The esterase from the thermophilic eubacterium Bacillus acidocaldarius : Structural‐functional relationship and comparison with the esterase from the hyperthermophilic archaeon Archaeoglobus fulgidus

The esterase from the thermophilic eubacterium Bacillus acidocaldarius is a thermophilic and thermostable monomeric protein with a molecular mass of 34 KDa. The enzyme, characterized as a “B‐type” carboxylesterase, displays the maximal activity at 65°C. Interestingly, it is also quite active at room temperature, an unusual feature for an enzyme isolated from a thermophilic microorganism. We investigated the effect of temperature on the structural properties of the enzyme, and compared its structural features with those of the esterase from the hyperthermophilic archaeon Archaeoglobus fulgidus . In particular, the secondary structure and the thermal stability of the esterase were studied by FT‐IR spectroscopy, while information on the conformational dynamics of the enzyme were obtained by frequency‐domain fluorometry and anisotropy decays.
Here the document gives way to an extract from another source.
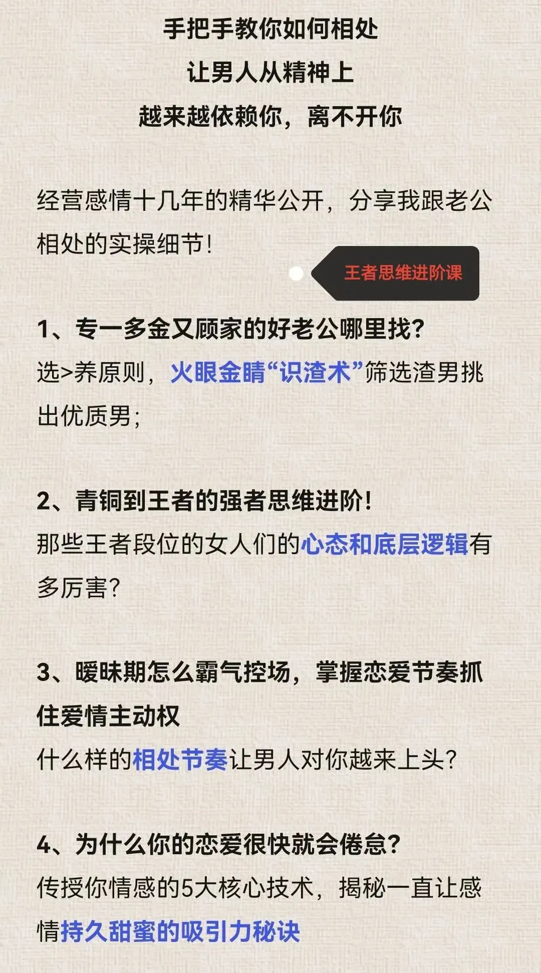 谈恋爱其实就是在营造一种感觉。这个感觉有好的,有坏的。你想要甜,那我就给你制造极致美好的感觉;你想被虐,那我就给你制造推拉反差的感觉。所以想拿下目标,想让他对你上头,你就要先清楚,他这个人更吃哪种感觉?是那种受虐型?还是受捧型?低自尊还是傲娇型?你把目标吃透了,他缺什么你就精准投喂。

Our data pointed out that the Bacillus acidocaldarius enzyme possesses a secondary structure rich in α‐helices as described for the esterase isolated from Archaeoglobus fulgidus . Moreover, infrared spectra indicated a higher accessibility of the solvent ( 2 H 2 O) to Bacillus acidocaldarius esterase than to Archaeoglobus fulgidus enzyme suggesting, in turn, a less compact structure of the former enzyme. The fluorescence studies showed that the intrinsic tryptophanyl fluorescence of the Bacillus acidocaldarius protein was well represented by the three‐exponential model, and that the temperature affected the protein conformational dynamics. The data suggested an increase in the protein flexibility on increasing the temperature. Moreover, comparison of Bacillus acidocaldarius esterase with the Archaeoglobus fugidus enzyme fluorescence data indicated a higher flexibility of the former enzyme at all temperatures tested, supporting the infrared data and giving a possible explanation of its unusual relative high activity at low temperatures. Proteins 2000;40:473–481. © 2000 Wiley‐Liss, Inc.